Except, in this case, Shakespeare has created marvelous humans to enact the exploits and coincidents and passions so multitudinously arrayed before us. Cymbeline, being a pre-medieval computer game, is the most modern of Shakespeare’s plays, and the director gives it to us in modern dress. What does not work is that he gives it to us in modern acting style.

The recreation of the Globe Theater in London is large and holds 1400. The original Glob Theater held 3,000. (Radio City Music Hall holds 6,000.) So you see, the original Globe was enormous. So Shakespeare’s words were written for a certain vocal production audible in a vast theater, open air, out of doors, in full daylight, in a busy noisy city.

None of the actors here have the training in this particular voice production.

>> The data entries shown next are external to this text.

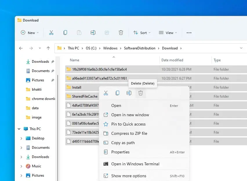 - Open nu Windows Verkenner en navigeer naar C:WindowsSoftwareDistributionDownload
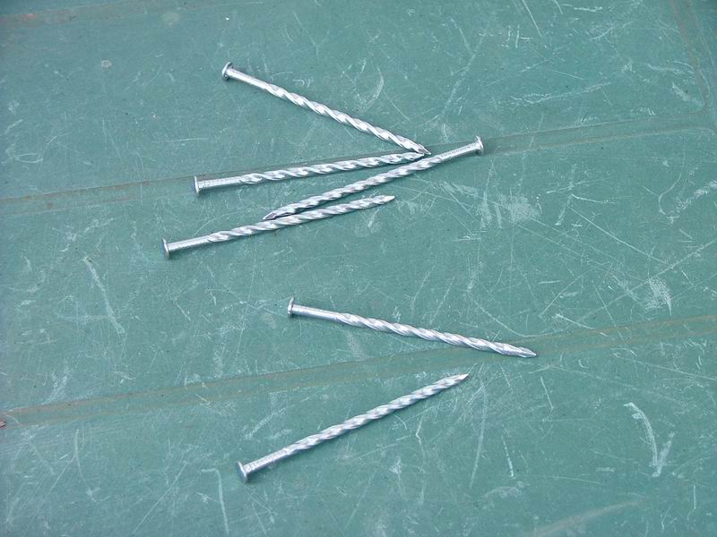 J'ai choisi des clous torsadés pour éviter de devoir préforer dans le bois pour éviter qui celui-ci n'écalte.
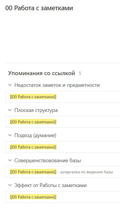 Результат! В заметке "00 Бизнес" в разделе "Упоминания со ссылкой" показаны все ваши заметки про бизнес

It is not simply a matter of speaking loud. It is a way of speaking, of surrounding words chosen for that way of speaking, surrendering to them, getting not just behind but way behind them. None of the actors, save one, has the inner placement from which to deliver the language.

Actors required for Shakespeare also, have to have enormous stage personality. And as good as Ed Harris’s Meisner training might be as the basis for the main body of his fine work as an actor, Meisner despised and denounced Shakespeare, and so Harris does not fare any better than the others do in opting to make the lines colloquial, gutsy, and intuitive. The voice is placed just at the back of his throat, so everything comes out without weight, without emphasis. He can act the part, but he cannot speak the part. The investment is missing. The investment is not Method investment, but an investment in a place in the human body from which these truths must be uttered.

This is true of all the actors, and because they have wonderful parts one watches them through. John Leguizamo, as the obedient/disobedient retainer, gathers himself into and out of the situations convincingly. His physical weight has carrying power and as a middle-aged actor we care for his destiny. Leguizamo knows something that enables him to play this part.

Anton Yelchin plays the brat/villain with every convention sticking out of his performance like a porcupine. We need to identify with this character’s compromised position in the drama, not dismiss him out of hand as a stereotype.

Dakota Johnson as Imogen gives us this great role with vapid tone, her voice wrinkling like a Valley chick. But Imogen is not a Valley chick. She, like Desdemona, is a young woman of parts, a role for a young Katharine Hepburn, a woman who dares defy her father to marry the man of her choice, and who will not back down. You need a big personality to play this young woman. It was a role for which Ellen Terry was renowned. But Johnson’s Imogen does not know what she is saying nor how to say it.

Ethan Hawke takes the choice role of Iachamo. Certain things he does well: the closet scene with the chest, for one. I believed it. But it is a pantomime scene. When he opens his mouth, the words that come out do not belong to Iachamo, nor to Hawke either. Nor does he seem to understand the character.

Iachamo is a Texas A & M fraternity boy of devastating looks and charm – and a nasty streak a mile wide. His ego sets the play in motion, but Hawke plays him mildly, as an After Sunset chap with a sly eye. No. Iachamo is the brat of brats. He’s a horror, but you’ve got to hand it to him. Finally, Hawke is simply too old for the part.

The one actor who does not suffer from inadequacy here is the great Delroy Lindo as Belarius, the stepfather of the princes. He simply has by nature the voice the role requires. When will someone give Delroy Lindo Lear?

I loved watching the movie; I liked the cuts; one gets to see Cymbeline too seldom. I was grateful for a lot of it. And – oh, that late Shakespeare – best in my appreciation books.